Assignment: Please print exactly the lines below, from the start of the material up to and including the line with "6、最后一个火炬位于西侧房间的楼顶,岩元素角色或者风元素角色垫高点就可以了", but none of the pictures.

Source data:
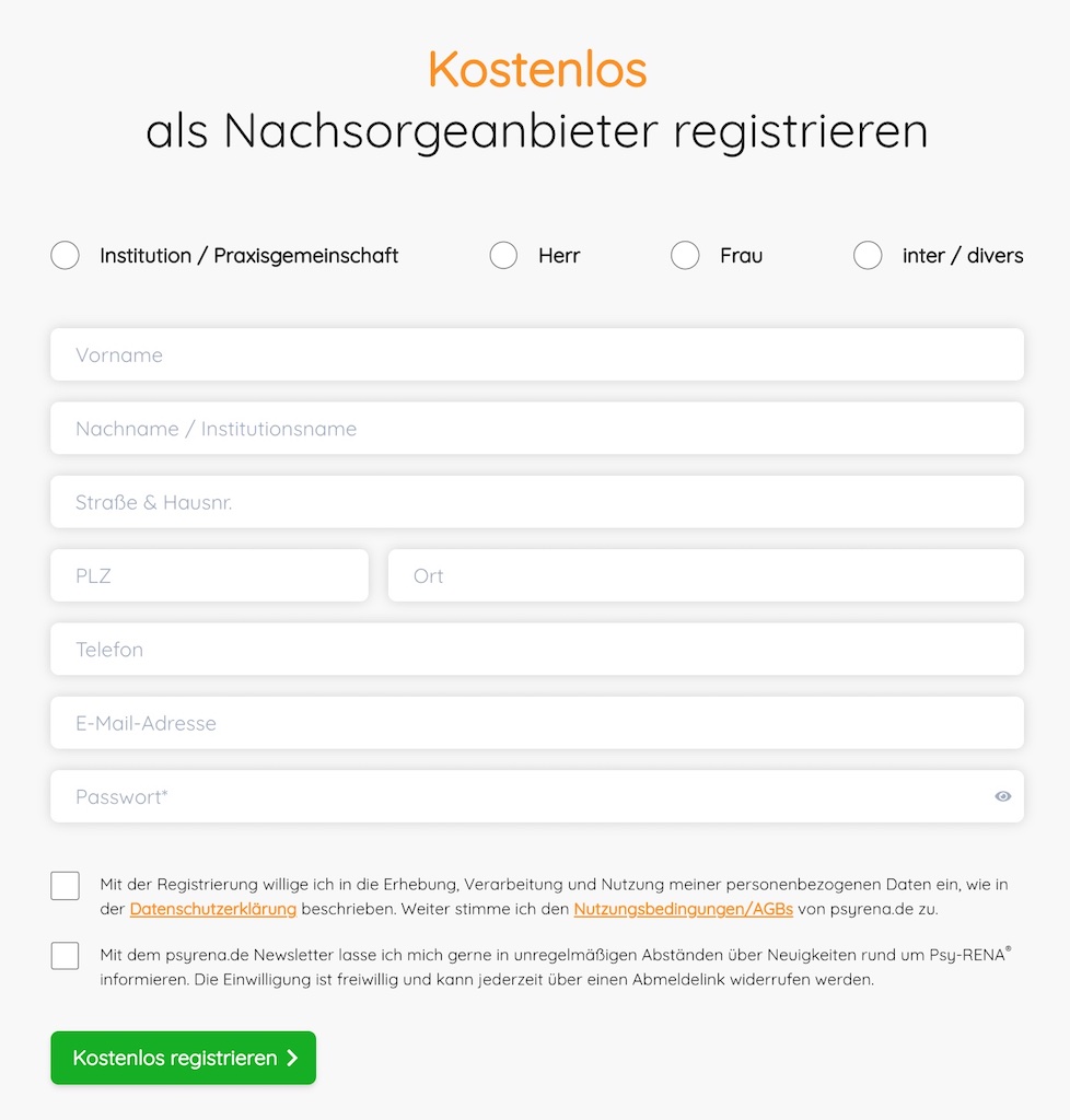 Schritt-für-Schritt Anleitung zur kostenlosen Registrierung als Nachsorgeanbieter auf der Plattform psyrena.de:
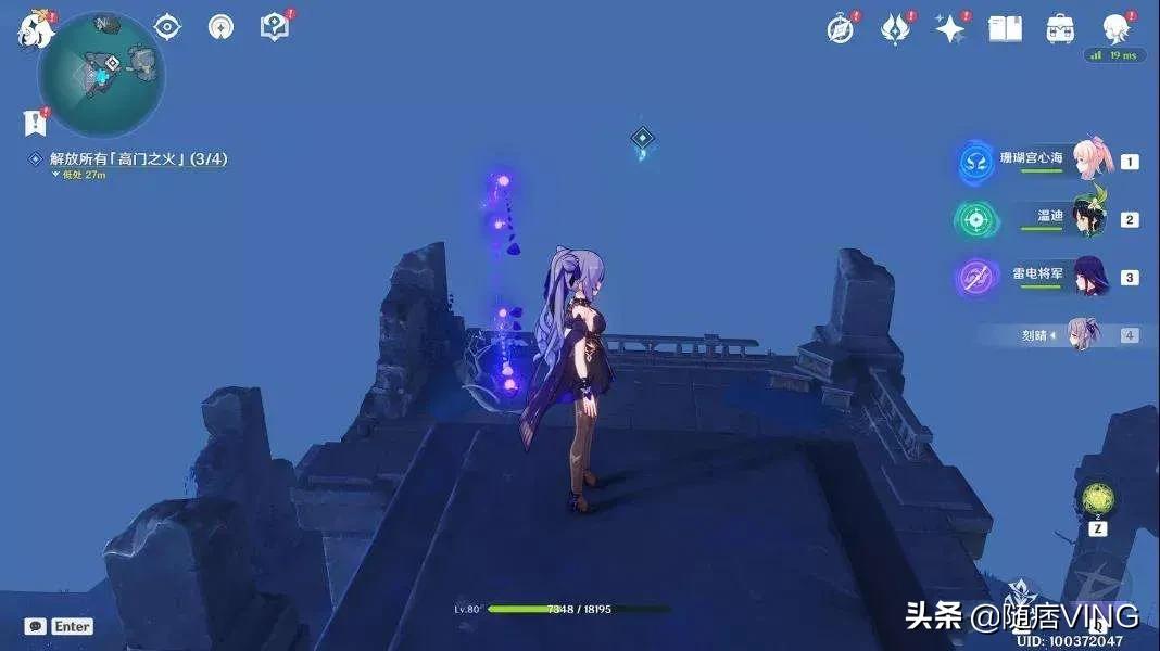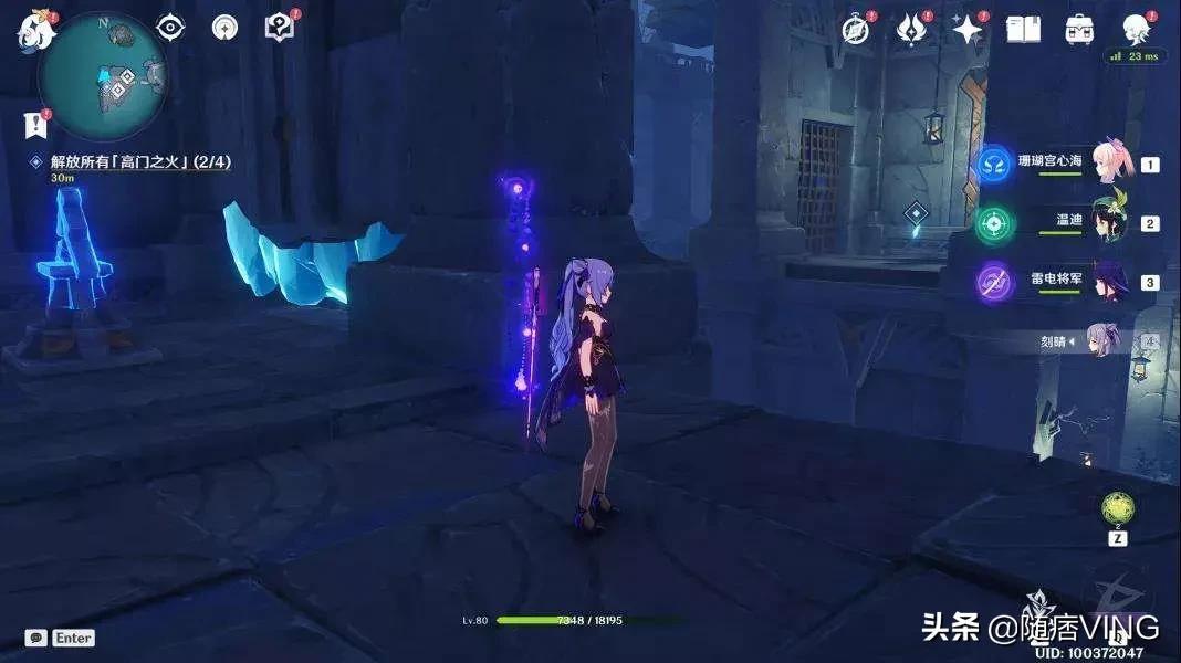 6、最后一个火炬位于西侧房间的楼顶,岩元素角色或者风元素角色垫高点就可以了
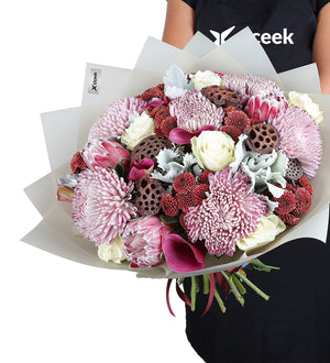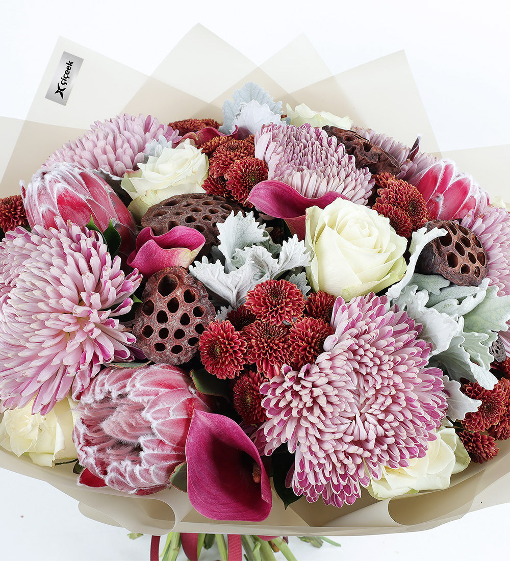 Kelimelerin yetersiz kaldığı anlar için tasarlanmış, nefes kesici bir şaheser. Egzotik Protea, Anastasya, Gala ve Lotus çiçeklerinin en dolgun ve en gösterişli halleriyle hazırlandığı bu devasa XL buket, en büyük kutlamaların ve en unutulmaz anların vazgeçilmezidir. Bu, bir buketten çok daha fazlası, yaşayan bir sanat eseridir.Nefes Kesen Bir Görsel Şölen

Your solution:
 Schritt-für-Schritt Anleitung zur kostenlosen Registrierung als Nachsorgeanbieter auf der Plattform psyrena.de:
 6、最后一个火炬位于西侧房间的楼顶,岩元素角色或者风元素角色垫高点就可以了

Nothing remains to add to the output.